For weeks now Congress has debated spending cuts,
the deficit, and next year’s budget. Unfortunately, absent from the conversation
is any mention of Revenue.
Current federal government revenue (the government’s
“income”) is inadequate to do all that must be done, no matter what cuts or
efficiencies are imposed. Federal revenue today, as a share of Gross Domestic
Product (GDP), is at or below level of the 1960s and 1970s despite the many additional
responsibilities that the government has taken on since those days, such as:
extensive medical research,
- environmental protections,
- the bigger and growing Medicare and Social
Security programs, and
- a much larger, more heavily used, and aging
transportation infrastructure.
These are just a few of the additional functions that we expect from government. It is no
surprise that federal money is tight and everything, from bridges to our water
systems, is falling apart.
In a
“Resolution for the Common Good,” General Synod 25 resolved “that societies and
nations are judged by the way they care for their most vulnerable citizens” and
“that government policy and services are central to serving the common good.”

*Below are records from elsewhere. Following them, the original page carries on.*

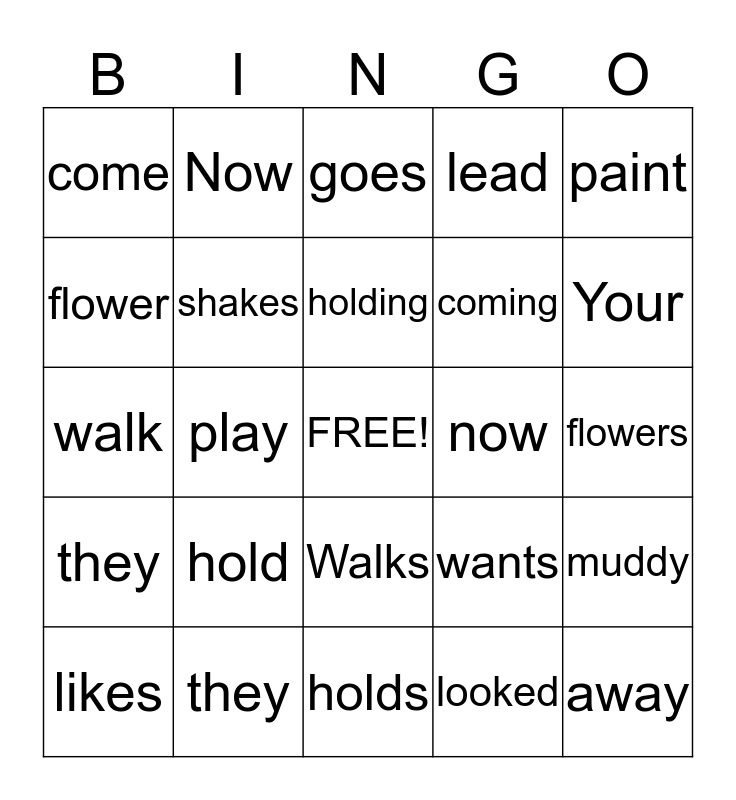 This bingo card has a free space and 24 words: hold, they, holding, likes, paint, come, flower, Now, now, Walks, coming, walk, wants, muddy, shakes, looked, flowers, goes, Your, play, away, they, lead and holds.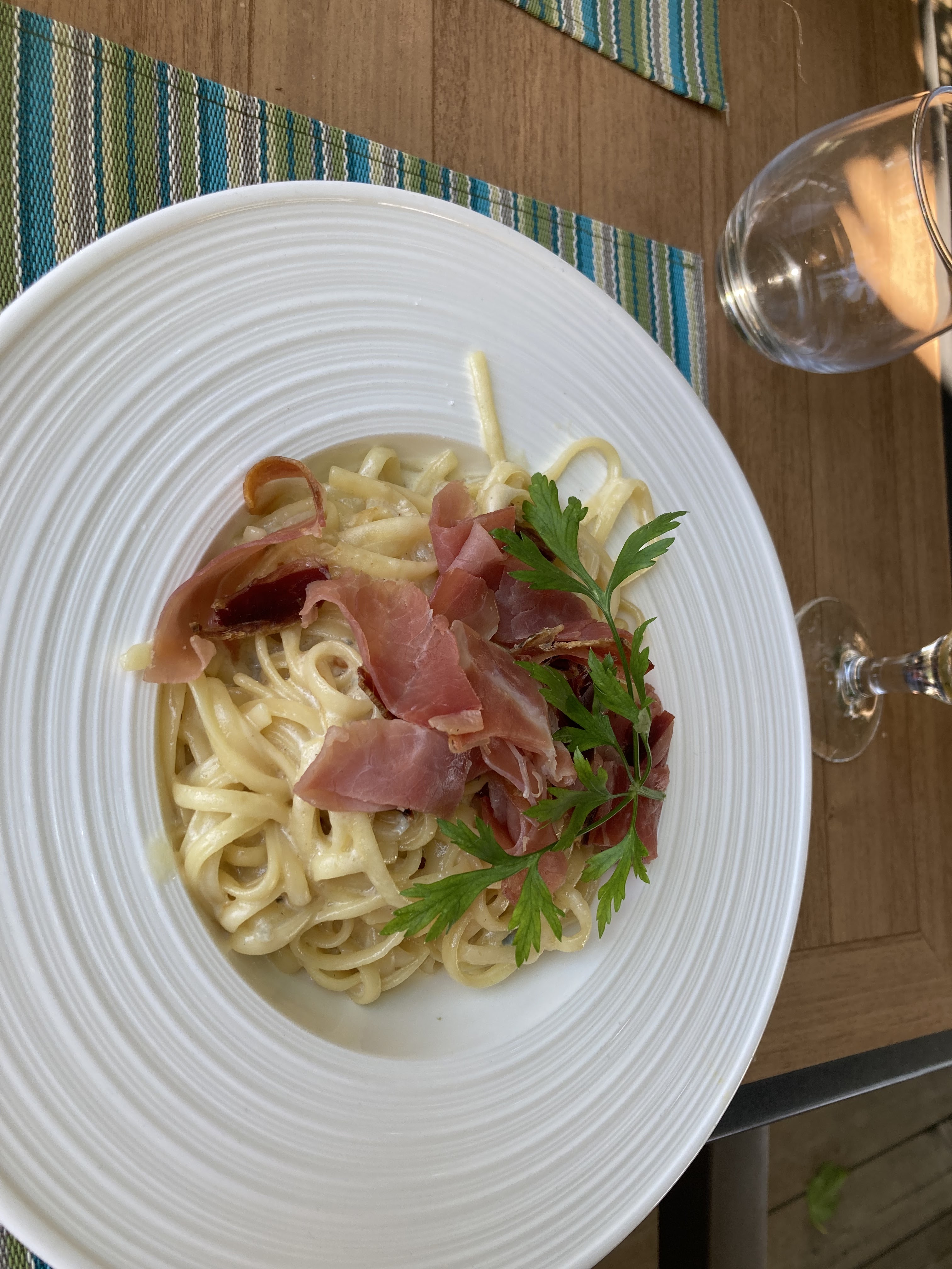 Nous avons déjeuné...pâtes au pesto baignant dans l huile et pas chaude. Serveur sympa et faisant de son mieux mais avec un patron hurlant de la cuisine, imaginez l ambiance...viens la note où nous avons à faire a lui bonjour l amabilité....il faut changer de métier monsieur!!!!!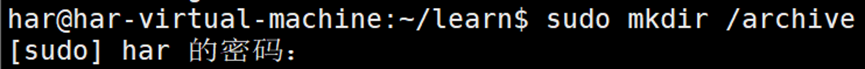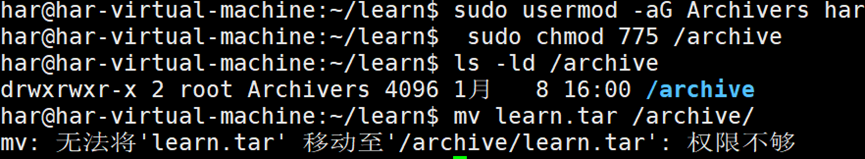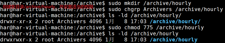 创建好集中归档目录后,需要授予某些用户访问权限,否则,在该目录下创建文件时会提示无权限。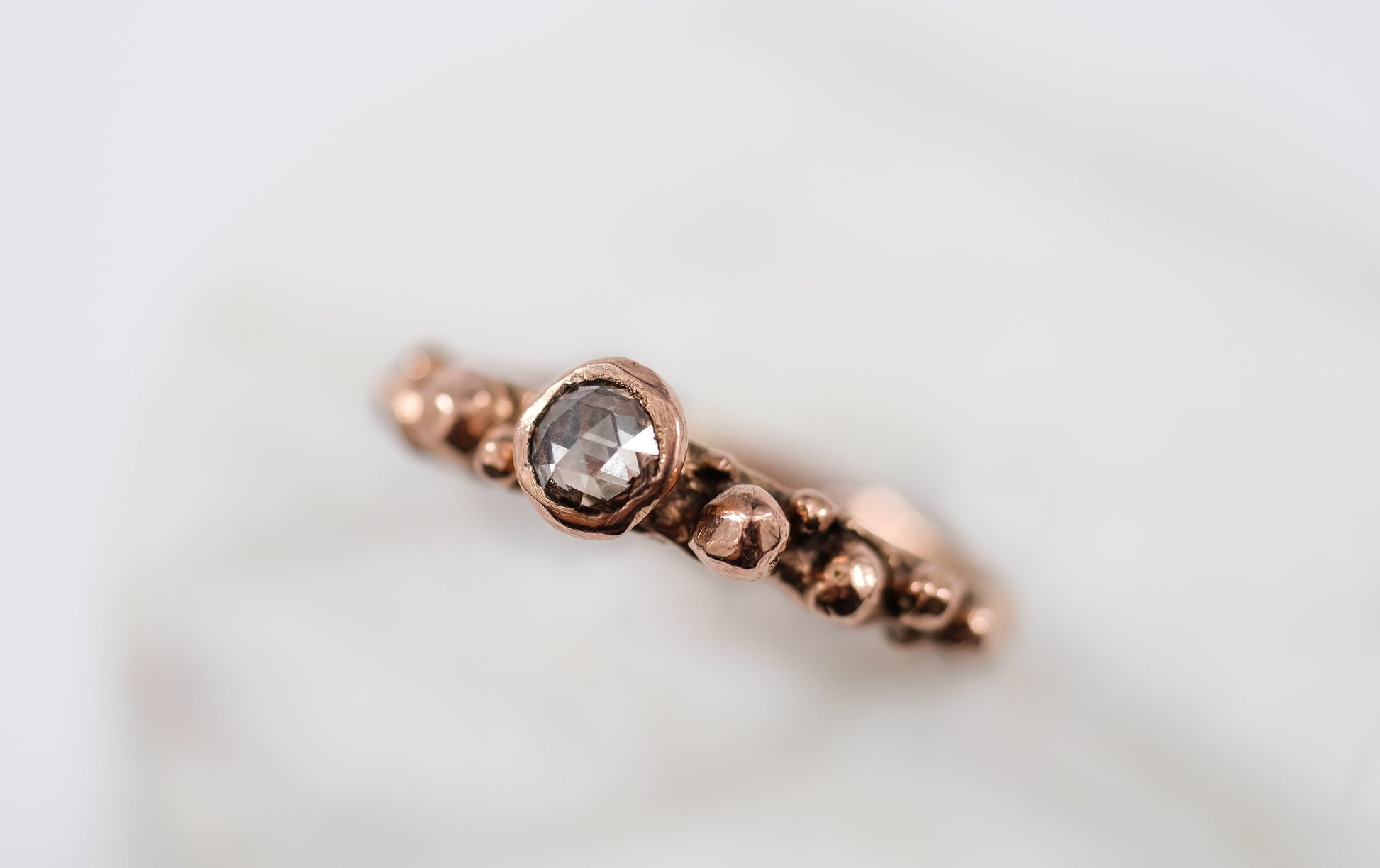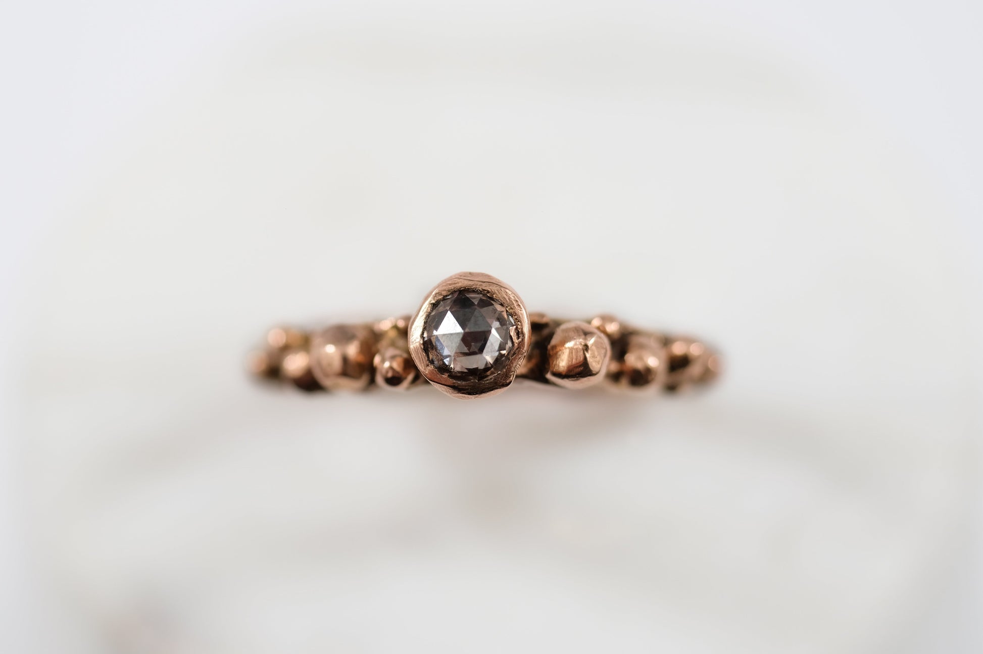 A luminous solitary Rose cut diamond sits atop a band of 14k rose gold with faceted nuggets that echo the dimensions of the diamond. Hand carved and cast in 14k rose gold

General Synod 25 continued by declaring “that paying taxes for government
services is a civic responsibility of individuals and businesses” and “that the
tax code should be progressive, with the heaviest burden on those with the
greatest financial means.”
Corporations and the
Top One Percent
As federal obligations have grown, taxes paid by corporations
have declined. In 1965, corporate income taxes were 4.0% of GDP but they fell
to 2.5% of GDP in 2008 (and declined even more during the financial crisis). In
other major industrialized countries, corporate taxes are higher, averaging 3.0%
of GDP. Corporate tax loopholes and subsidies cost hundreds of billions of
dollars each year and also encourage the export of jobs and slow economic
growth.
The wealthiest households should also be paying more taxes.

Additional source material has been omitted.